Controlled by the discover_modules option under config.options:
| Mode | Behaviour |
|---|---|
off (default) | No module / module-bay entities emitted. Zero behaviour change versus prior releases. |
linecards | One ModuleBay + Module per top-level chassis slot — line cards and supervisors only. PSU and fan modules are classified for metric labelling but NOT emitted. |
full | Everything linecards emits, plus one ModuleBay + Module per transceiver sub-bay. Physical interfaces backed by a transceiver carry an Interface.Module reference for per-port optic visibility. |
Virtual-chassis-of-modular targets are supported from day one: when the device reports 2+ chassis members, modules are dispatched per-member using the same chassis inventory the VC path produces.

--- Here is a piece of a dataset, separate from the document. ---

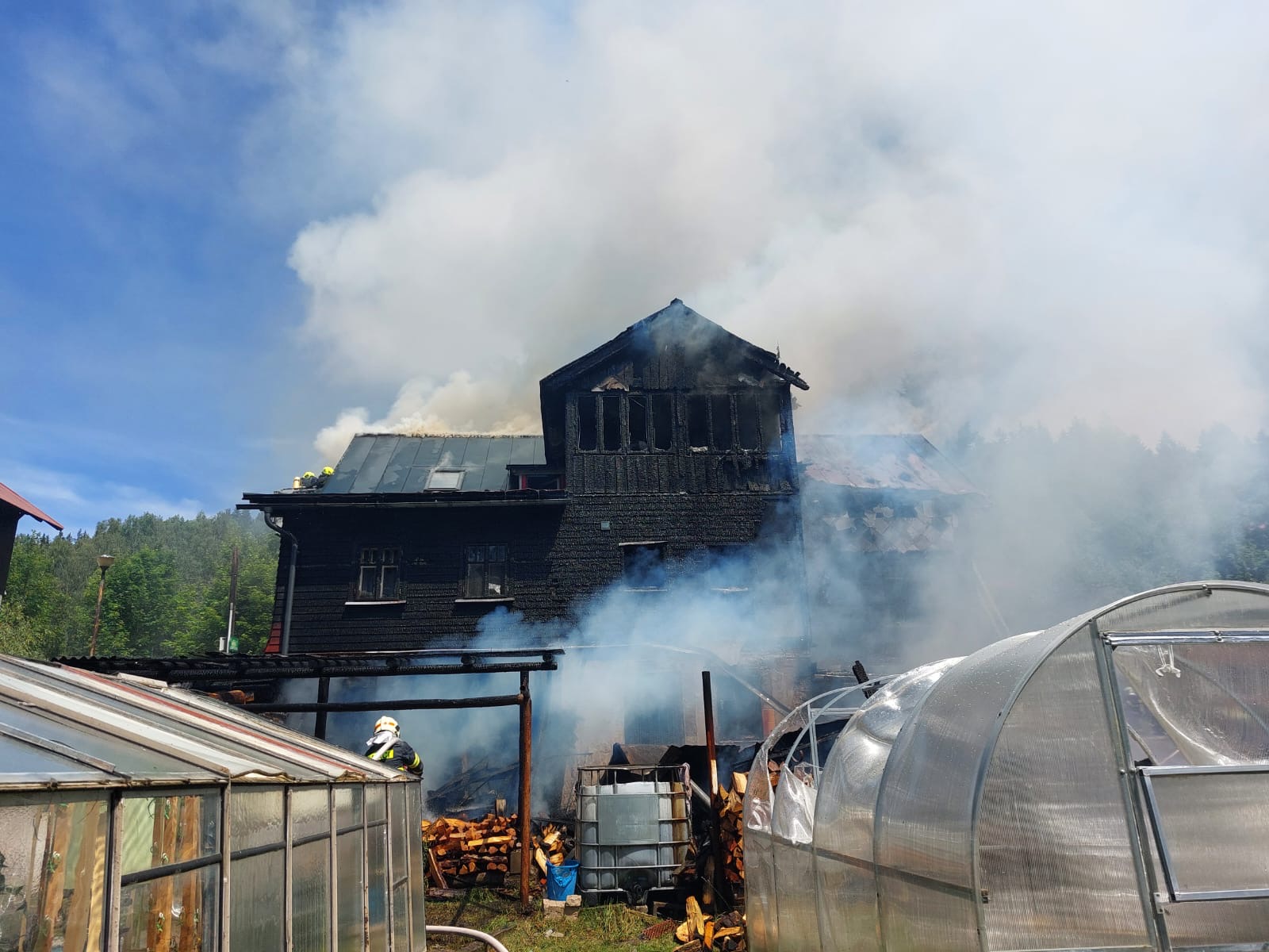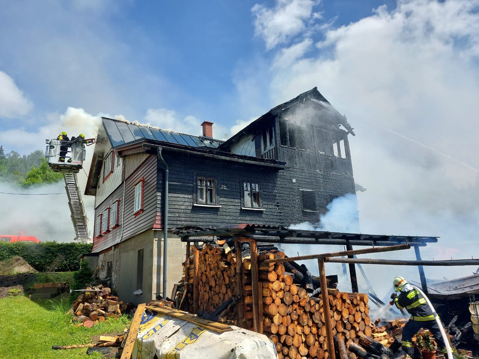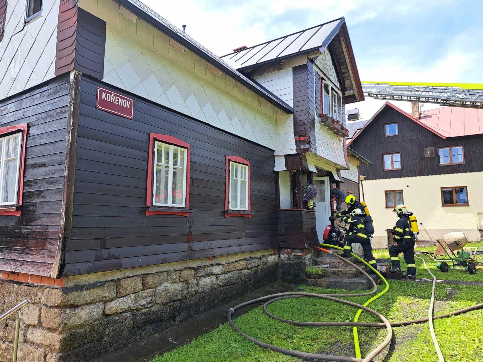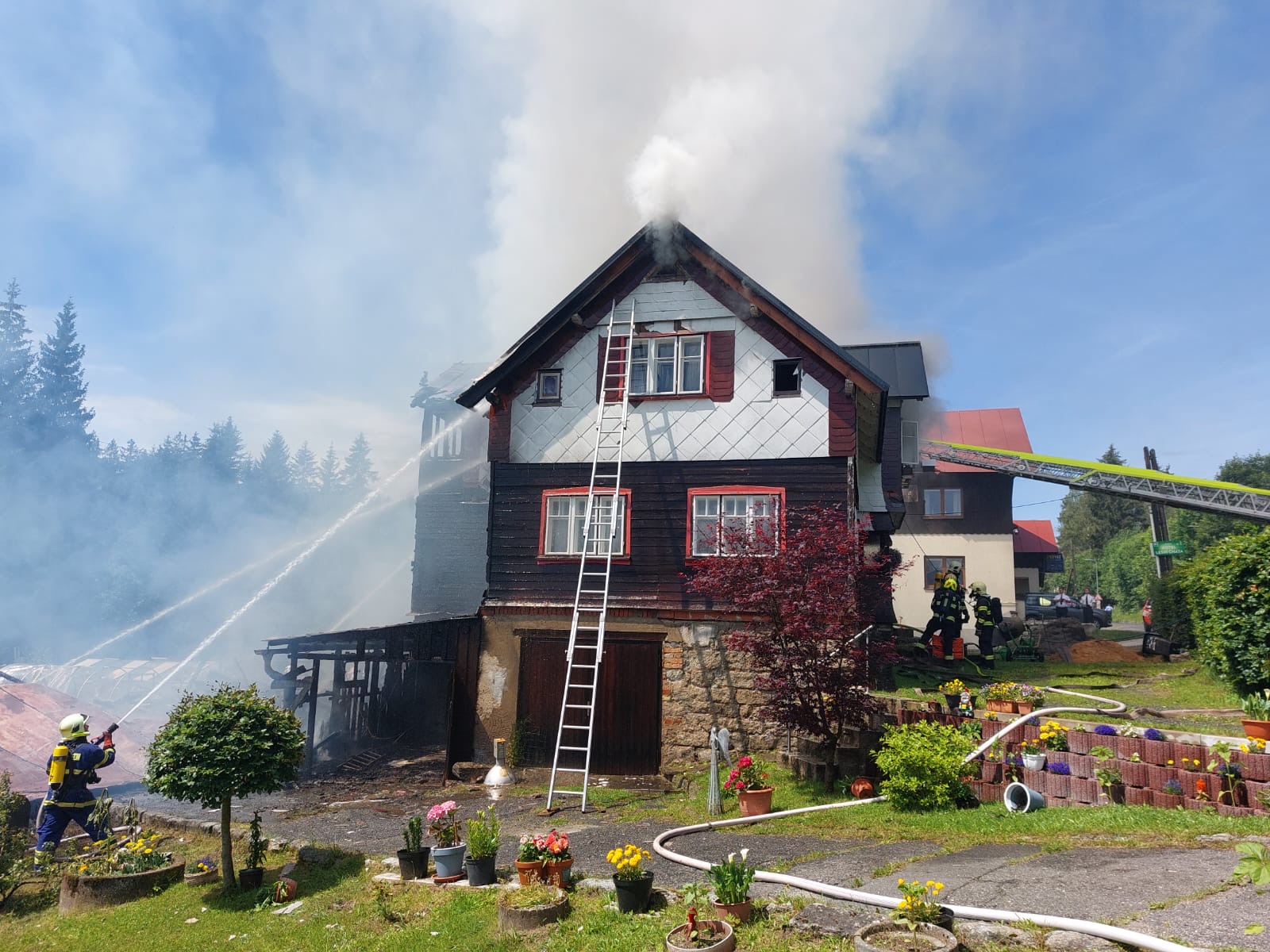 Celkem devět hasičských jednotek z druhého stupně požárního poplachu zaměstnal ve čtvrtek 20. června 2024 požár domu v Horním Kořenově na Jablonecku.

Sub-bay rendering note (transient, full mode only). Transceiver sub-bays are currently emitted device-rooted rather than nested under the parent line card, due to a Diode reconciler limitation. The transceiver Module still installs into the sub-bay via Module.ModuleBay, so per-port optic visibility is preserved; only the bay-under-linecard visual hierarchy is missing. This will be restored once the reconciler supports single-batch plan-and-apply.
Example
policies:
snmp_modular_chassis:
config:
schedule: "0 */6 * * *"
discover_modules: linecards # off | linecards | full
defaults:
site: "datacenter-01"
scope:
targets:
- host: "10.0.0.1"
authentication:
protocol_version: "v2c"
community: "public"
Device Model Lookup
The lookup_extensions_dir specifies a directory containing device data YAML files that map SNMP device OIDs to human-readable device names. This allows snmp-discovery to provide meaningful device identification instead of raw OID values. This only needs to be set if additional or modified files are being provided instead of the ones that are included with orb-discovery and orb-agent.
File Format
Device lookup files must be in YAML format with a .yaml or .yml extension. Each file should contain a devices section that maps SNMP device OIDs to device names:
devices:
.1.3.6.1.4.1.9.1.1215: ciscoMwr2941DCA
.1.3.6.1.4.1.9.1.489: catalyst2955C12
.1.3.6.1.4.1.9.1.2101: ciscoASR92024TZM
.1.3.6.1.4.1.9.1.2874: ciscoCat930048H
.1.3.6.1.4.1.9.1.2276: ciscoC6840xle
Example Device Lookup Files
The repository includes several pre-built device lookup files for popular vendors. These are included in the orb-discovery and orb-agent images.
- Cisco devices:
cisco.yaml- Contains mappings for Cisco routers, switches, and other networking equipment - TP-Link devices:
tplink.yaml- Contains mappings for TP-Link switches and routers - Dell Networking:
dell-networking.yaml- Contains mappings for Dell networking equipment - Lenovo devices:
lenovo.yaml- Contains mappings for Lenovo networking equipment - Ruckus devices:
ruckus.yaml- Contains mappings for Ruckus wireless equipment
The full list of vendor device files is available here.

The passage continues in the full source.